§ THE TASK: Below is a listing. Return the lines from the one that contains "店内はわずか7席と、とっても" to the one that contains "These salt dough", both ends included, verbatim and with no pictures.

:: INFORMATION SUPPLIED

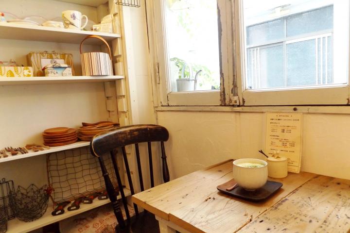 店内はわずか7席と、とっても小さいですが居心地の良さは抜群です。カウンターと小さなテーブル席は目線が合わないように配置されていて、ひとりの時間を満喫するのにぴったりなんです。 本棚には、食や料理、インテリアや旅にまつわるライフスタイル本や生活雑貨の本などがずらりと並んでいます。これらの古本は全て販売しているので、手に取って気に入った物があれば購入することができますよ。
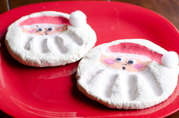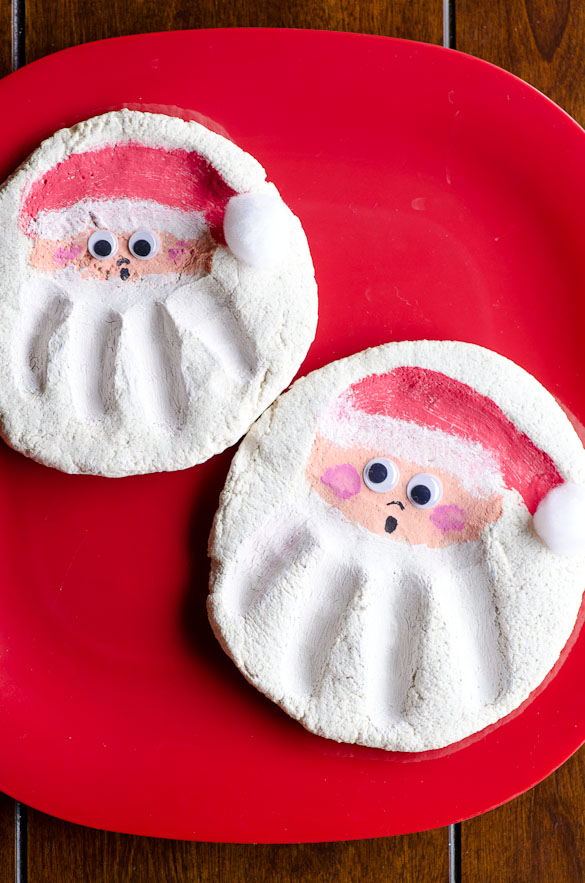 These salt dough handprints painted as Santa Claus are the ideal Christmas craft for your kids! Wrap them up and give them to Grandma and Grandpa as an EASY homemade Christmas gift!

::::
:: INFORMATION SUPPLIED

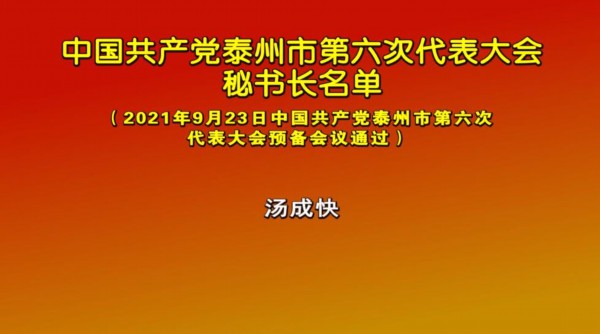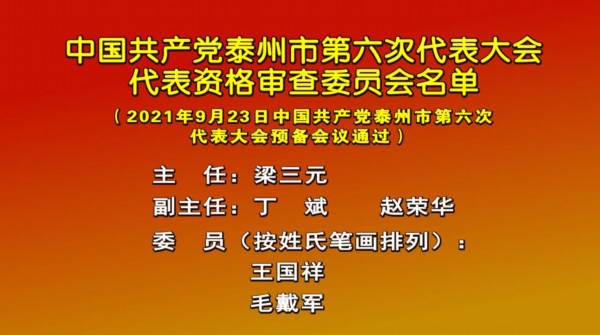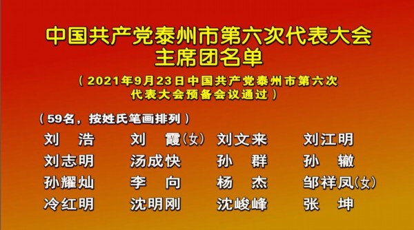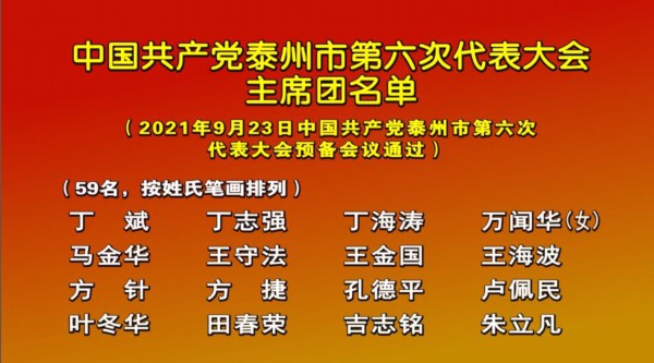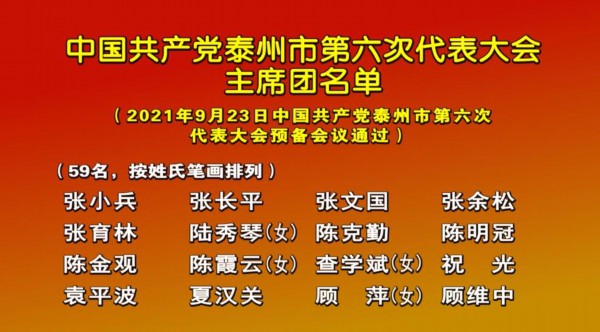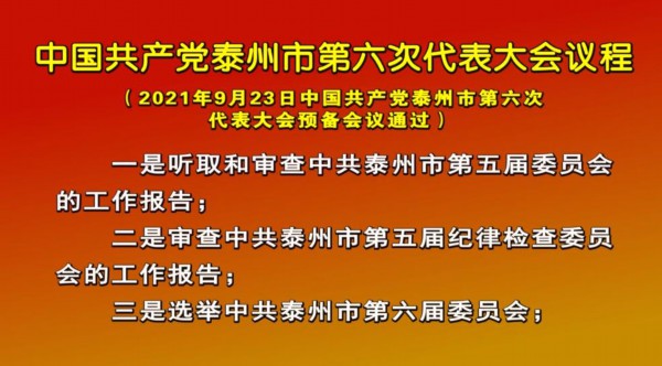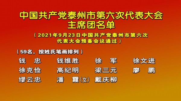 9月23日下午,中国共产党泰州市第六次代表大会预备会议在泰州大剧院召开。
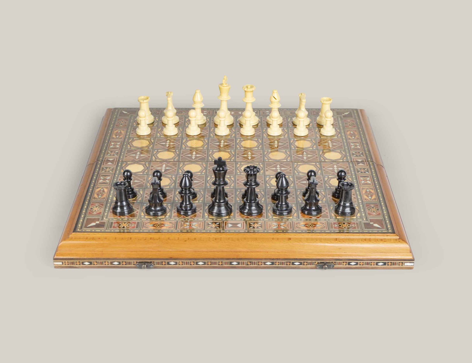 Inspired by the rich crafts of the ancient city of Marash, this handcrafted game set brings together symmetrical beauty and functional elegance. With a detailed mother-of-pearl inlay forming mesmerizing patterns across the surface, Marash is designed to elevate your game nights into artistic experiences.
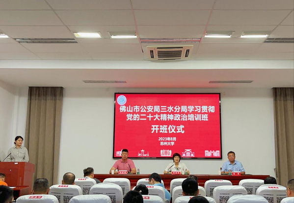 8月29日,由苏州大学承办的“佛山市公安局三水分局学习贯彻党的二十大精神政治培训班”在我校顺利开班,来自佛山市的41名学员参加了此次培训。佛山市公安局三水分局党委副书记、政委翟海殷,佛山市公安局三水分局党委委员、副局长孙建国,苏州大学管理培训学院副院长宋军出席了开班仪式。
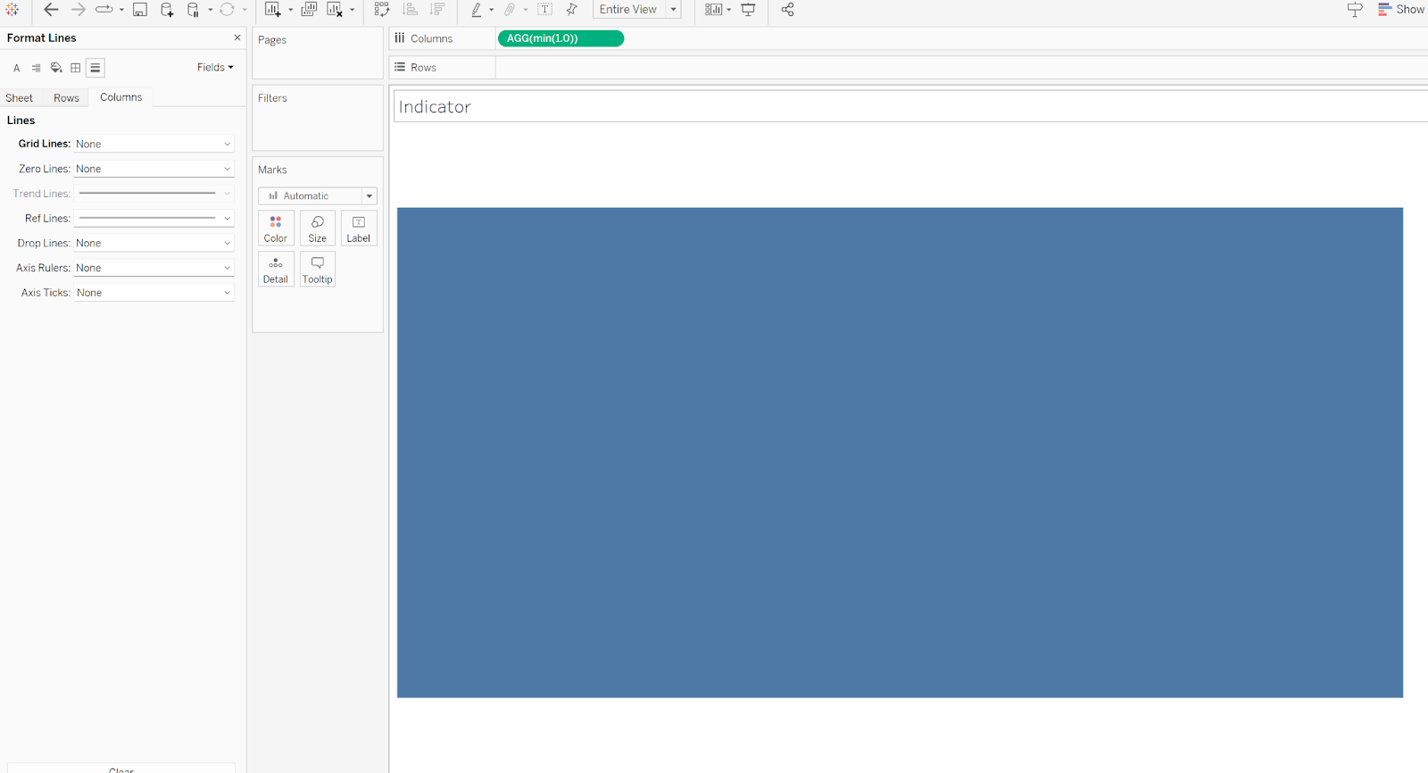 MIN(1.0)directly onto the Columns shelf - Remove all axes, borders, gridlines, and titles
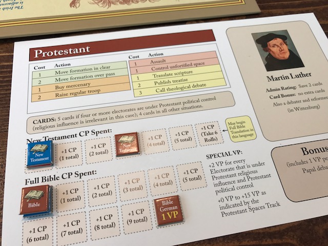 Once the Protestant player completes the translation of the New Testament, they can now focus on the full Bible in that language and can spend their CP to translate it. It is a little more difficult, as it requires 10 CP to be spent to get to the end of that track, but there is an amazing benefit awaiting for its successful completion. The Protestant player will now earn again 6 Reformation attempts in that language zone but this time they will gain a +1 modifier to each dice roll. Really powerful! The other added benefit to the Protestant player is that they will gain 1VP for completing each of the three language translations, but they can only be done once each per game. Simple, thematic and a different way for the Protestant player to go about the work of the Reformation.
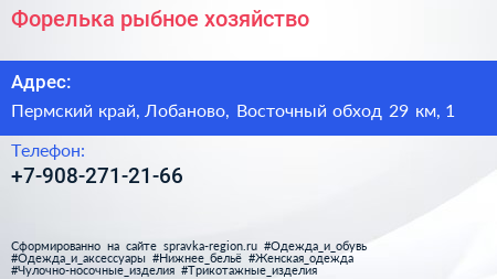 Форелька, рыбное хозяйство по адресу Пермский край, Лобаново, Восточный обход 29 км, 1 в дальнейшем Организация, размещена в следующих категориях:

::::

§ SOLUTION:
 店内はわずか7席と、とっても小さいですが居心地の良さは抜群です。カウンターと小さなテーブル席は目線が合わないように配置されていて、ひとりの時間を満喫するのにぴったりなんです。 本棚には、食や料理、インテリアや旅にまつわるライフスタイル本や生活雑貨の本などがずらりと並んでいます。これらの古本は全て販売しているので、手に取って気に入った物があれば購入することができますよ。
 These salt dough handprints painted as Santa Claus are the ideal Christmas craft for your kids! Wrap them up and give them to Grandma and Grandpa as an EASY homemade Christmas gift!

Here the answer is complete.